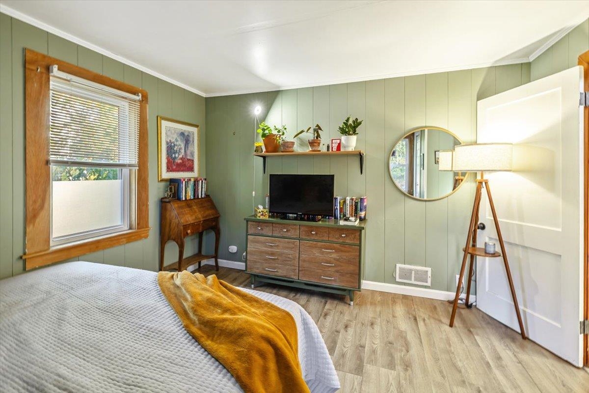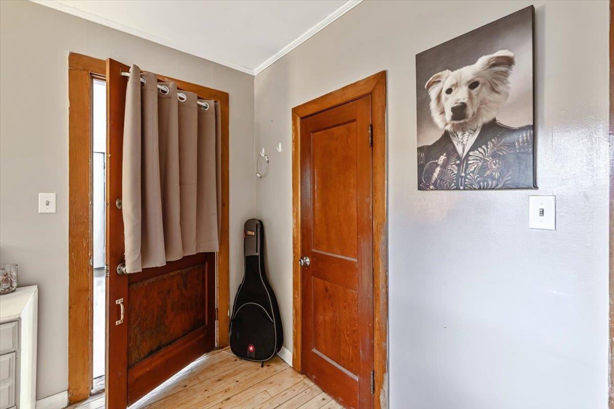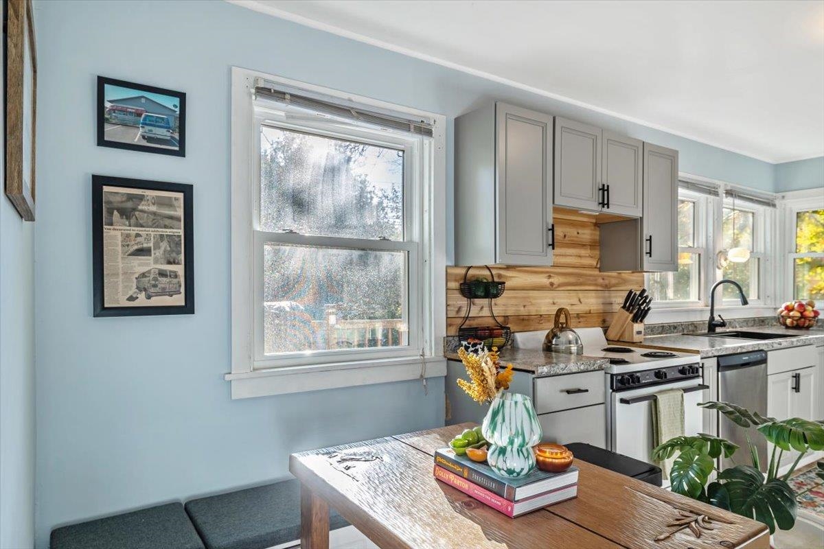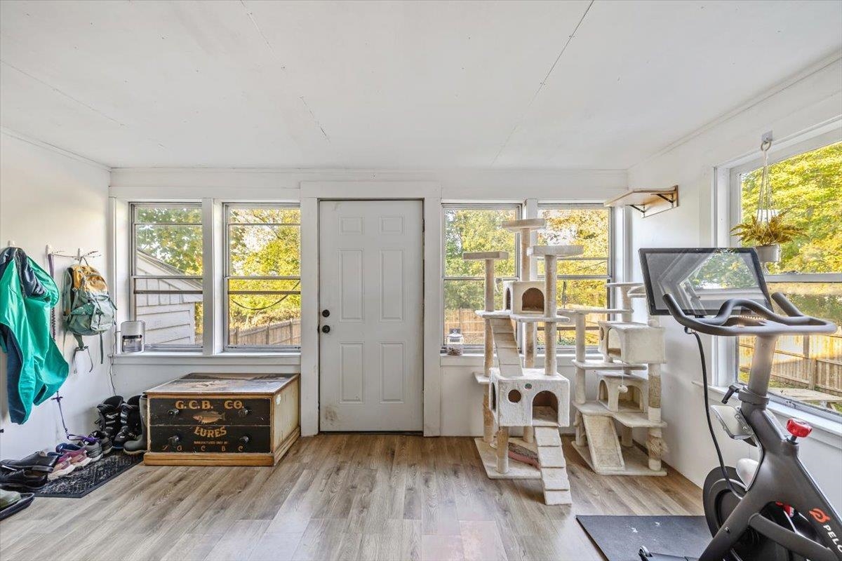 This beautiful home is a must see! From the beautiful wood floors, large windows that provide incredible natural lighting to the gorgeous updated kitchen and finishes, its easy to feel at home. Property offers 2 bedrooms, one full bath, full basement, attached garage with ample storage and deck perfect for morning coffee, afternoon bbgs, or midnight stargazing. Enclosed 3 season porch on the back of the house has served as a great space for work out room, home office or quiet place to read and relax. Enjoy fenced in backyard with existing raspberry bushes, raised beds, rhubarb & Chicken coop that allows for your own flock of pest controllers! New Furnace, windows and chimney liner offer efficiency and peace of mind!
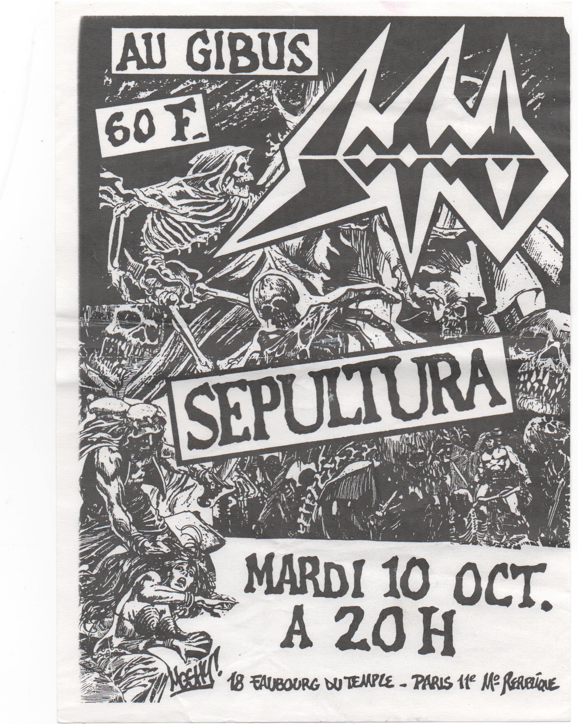Quand je suis arrivée à Paris, y’avait des concerts trash (ou pire) toutes les semaines ; et je répétais avec des gars au Liberty –déjà au LRS- qui avaient 17 ans et qui écoutaient les trucs les pires du métal à l’époque : Carcass, Nucléar Assault, DRI, Tankard, Massacra, Dark Angel, Morbid Angel, et j’en passe ; j’ai même vu Sepultura avant leur gloire internationale… Y’avait
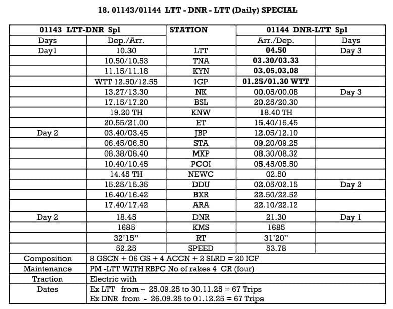 18 : 01143/44 लोकमान्य तिलक टर्मिनस दानापुर लोकमान्य तिलक टर्मिनस प्रतिदिन विशेष 25/9 से 01/12 तक 67-67 फेरे
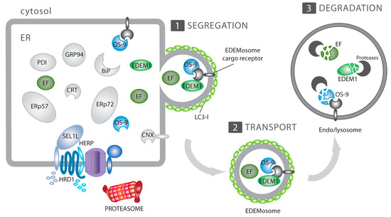 - Zuber, C.; Cormier, J.H.; Guhl, B.; Santimaria, R.; Hebert, D.N.; Roth, J. EDEM1 reveals a quality control vesicular transport pathway out of the endoplasmic reticulum not involving the COPII exit sites. Proc. Natl. Acad. Sci. U. S. A. 2007, 104, 4407–4412. [Google Scholar] [CrossRef]
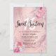 Schöne Sweet 16 Geburtstagsfeier Einladung mit Imitate Rose Gold Marmor Glitzer Textur, Rosa & Silber Rose und elegante Kalligraphie Schriftart.
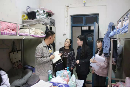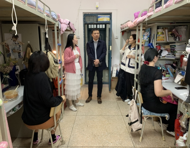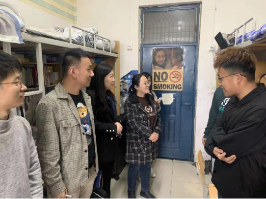 为加强卫生行为规范教育,引导学生养成良好的行为习惯,提高同学们春季卫生安全意识,4月14日,122cc太阳成集团开展了宿舍走访活动。122cc太阳成集团副院长贾宏春、付琳芳、丁超峰和辅导员陶岩睿、牛乐平一同走进宿舍,了解学生宿舍情况。
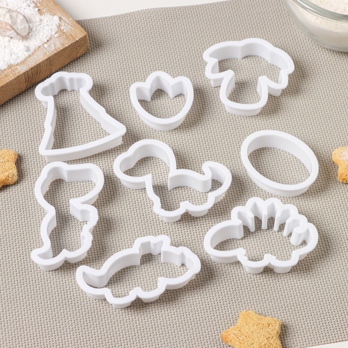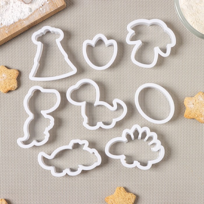 Набор форм для печенья Доляна «Хищные динозавры», 8 шт, цвет белый
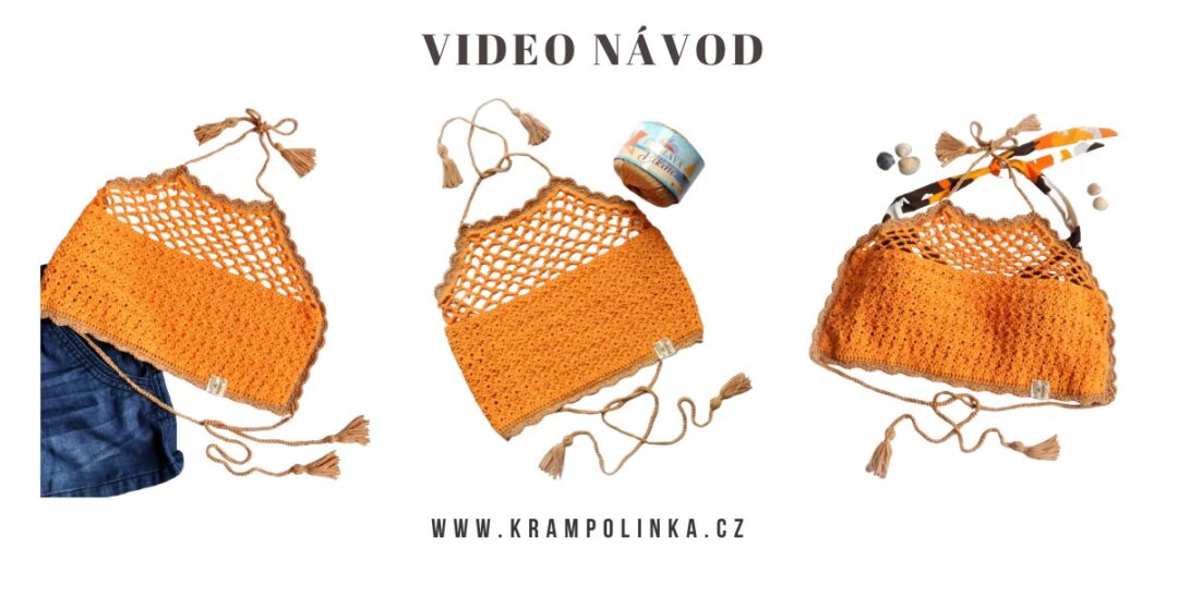 Žádné velké umění. V podstatě se jedná o přední díl, který sahá až ke krku. Zde je jedno praktické zavazování právě za krkem, druhé je pak v oblasti hrudníku. Tento typ oděvu je známý jako CropTop nebo festivalový top. Já mu říkám plavkový, protože můj záměr byl nosit ho na plavky. Zkoušela jsem i na holé tělo, ale se svými decentními rozměry dám přednost nošení na zmíněných plavkách. Návod nemá video, ale věřím, že háčkování zvládnete.
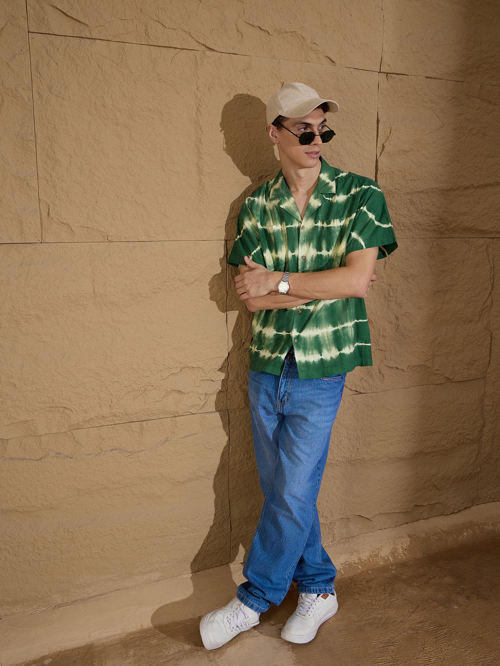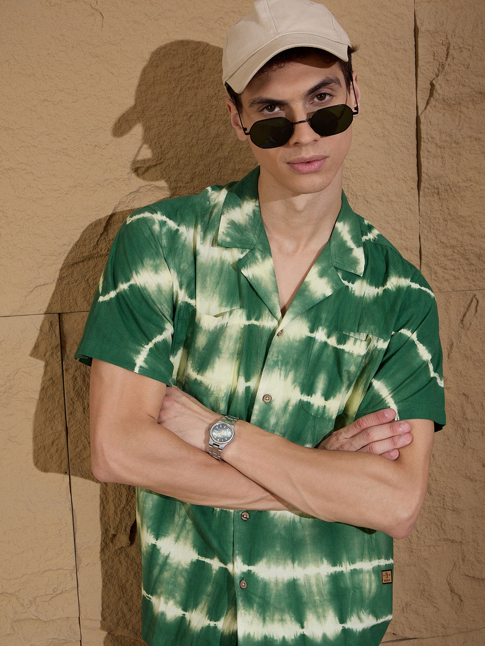 Elevate your casual wardrobe with this Men's Tie & Dye Oversized Shirt. Crafted from breathable cotton, it features a stylish Cuban collar and Half sleeves, making it perfect for laid-back outings. The vibrant tie-dye pattern adds a contemporary flair to any look. Regular length ensures versatile styling.
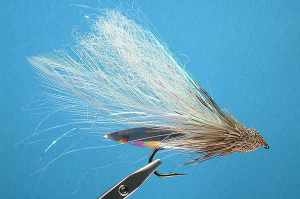 Bottom to top: two white hackles, white synthetic hair and Spectraflash strands
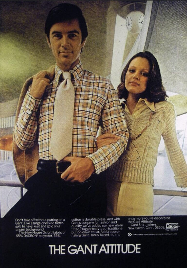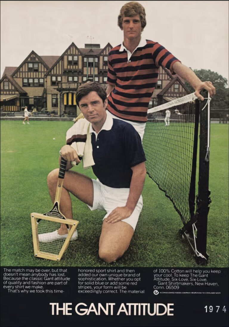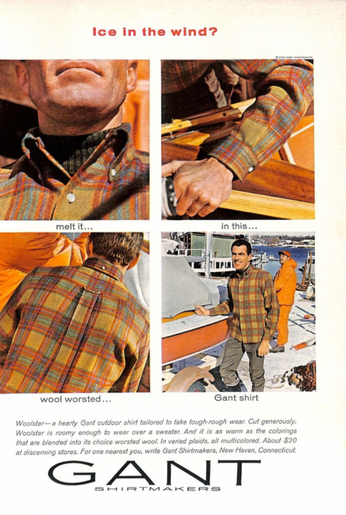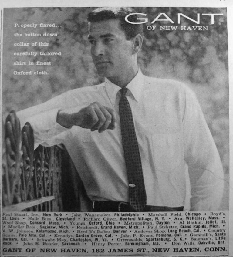 From New Haven—within reach of Ivy League campuses, particularly Yale—the company began to build its identity. Advertising first appeared in publications such as The New Yorker, and GANT positioned itself as a shirtmaker associated with collegiate life. The button-down shirt, while not invented by the company, became closely identified with it as distribution expanded from campus stores to Madison Avenue and beyond. Under the direction of Elliot and Martin Gant, a number of practical refinements were introduced. Collar construction was adjusted to produce a distinctive roll. A box pleat was added to the back for ease of movement. An extra button was placed behind the collar to help keep the tie in position, along with a patented button tab designed to lift the knot. A hanger loop was added so the shirt could be hung without wrinkling. None of these details were radical in isolation, but together they defined the shirts most customers came to recognize as “GANT.”
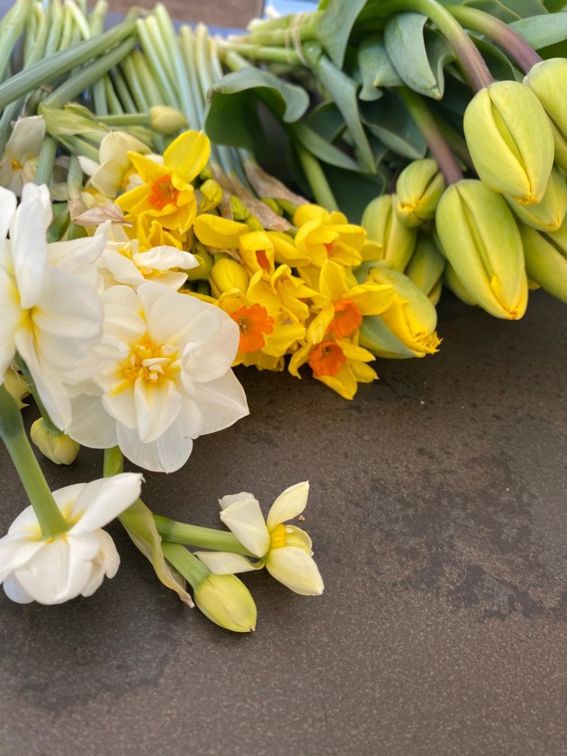 Choose the freshest blooms. Do not choose flowers that have brownish marks or look bruised. Tulips and daffodils will open more in a warm room.
---
EXERCISE: Without including any image, reproduce the full listing above as written.

ANSWER FOR THIS EXERCISE:
 This beautiful home is a must see! From the beautiful wood floors, large windows that provide incredible natural lighting to the gorgeous updated kitchen and finishes, its easy to feel at home. Property offers 2 bedrooms, one full bath, full basement, attached garage with ample storage and deck perfect for morning coffee, afternoon bbgs, or midnight stargazing. Enclosed 3 season porch on the back of the house has served as a great space for work out room, home office or quiet place to read and relax. Enjoy fenced in backyard with existing raspberry bushes, raised beds, rhubarb & Chicken coop that allows for your own flock of pest controllers! New Furnace, windows and chimney liner offer efficiency and peace of mind!
Quand je suis arrivée à Paris, y’avait des concerts trash (ou pire) toutes les semaines ; et je répétais avec des gars au Liberty –déjà au LRS- qui avaient 17 ans et qui écoutaient les trucs les pires du métal à l’époque : Carcass, Nucléar Assault, DRI, Tankard, Massacra, Dark Angel, Morbid Angel, et j’en passe ; j’ai même vu Sepultura avant leur gloire internationale… Y’avait
 18 : 01143/44 लोकमान्य तिलक टर्मिनस दानापुर लोकमान्य तिलक टर्मिनस प्रतिदिन विशेष 25/9 से 01/12 तक 67-67 फेरे
 - Zuber, C.; Cormier, J.H.; Guhl, B.; Santimaria, R.; Hebert, D.N.; Roth, J. EDEM1 reveals a quality control vesicular transport pathway out of the endoplasmic reticulum not involving the COPII exit sites. Proc. Natl. Acad. Sci. U. S. A. 2007, 104, 4407–4412. [Google Scholar] [CrossRef]
 Schöne Sweet 16 Geburtstagsfeier Einladung mit Imitate Rose Gold Marmor Glitzer Textur, Rosa & Silber Rose und elegante Kalligraphie Schriftart.
 为加强卫生行为规范教育,引导学生养成良好的行为习惯,提高同学们春季卫生安全意识,4月14日,122cc太阳成集团开展了宿舍走访活动。122cc太阳成集团副院长贾宏春、付琳芳、丁超峰和辅导员陶岩睿、牛乐平一同走进宿舍,了解学生宿舍情况。
 Набор форм для печенья Доляна «Хищные динозавры», 8 шт, цвет белый
 Žádné velké umění. V podstatě se jedná o přední díl, který sahá až ke krku. Zde je jedno praktické zavazování právě za krkem, druhé je pak v oblasti hrudníku. Tento typ oděvu je známý jako CropTop nebo festivalový top. Já mu říkám plavkový, protože můj záměr byl nosit ho na plavky. Zkoušela jsem i na holé tělo, ale se svými decentními rozměry dám přednost nošení na zmíněných plavkách. Návod nemá video, ale věřím, že háčkování zvládnete.
 Elevate your casual wardrobe with this Men's Tie & Dye Oversized Shirt. Crafted from breathable cotton, it features a stylish Cuban collar and Half sleeves, making it perfect for laid-back outings. The vibrant tie-dye pattern adds a contemporary flair to any look. Regular length ensures versatile styling.
 Bottom to top: two white hackles, white synthetic hair and Spectraflash strands
 From New Haven—within reach of Ivy League campuses, particularly Yale—the company began to build its identity. Advertising first appeared in publications such as The New Yorker, and GANT positioned itself as a shirtmaker associated with collegiate life. The button-down shirt, while not invented by the company, became closely identified with it as distribution expanded from campus stores to Madison Avenue and beyond. Under the direction of Elliot and Martin Gant, a number of practical refinements were introduced. Collar construction was adjusted to produce a distinctive roll. A box pleat was added to the back for ease of movement. An extra button was placed behind the collar to help keep the tie in position, along with a patented button tab designed to lift the knot. A hanger loop was added so the shirt could be hung without wrinkling. None of these details were radical in isolation, but together they defined the shirts most customers came to recognize as “GANT.”
 Choose the freshest blooms. Do not choose flowers that have brownish marks or look bruised. Tulips and daffodils will open more in a warm room.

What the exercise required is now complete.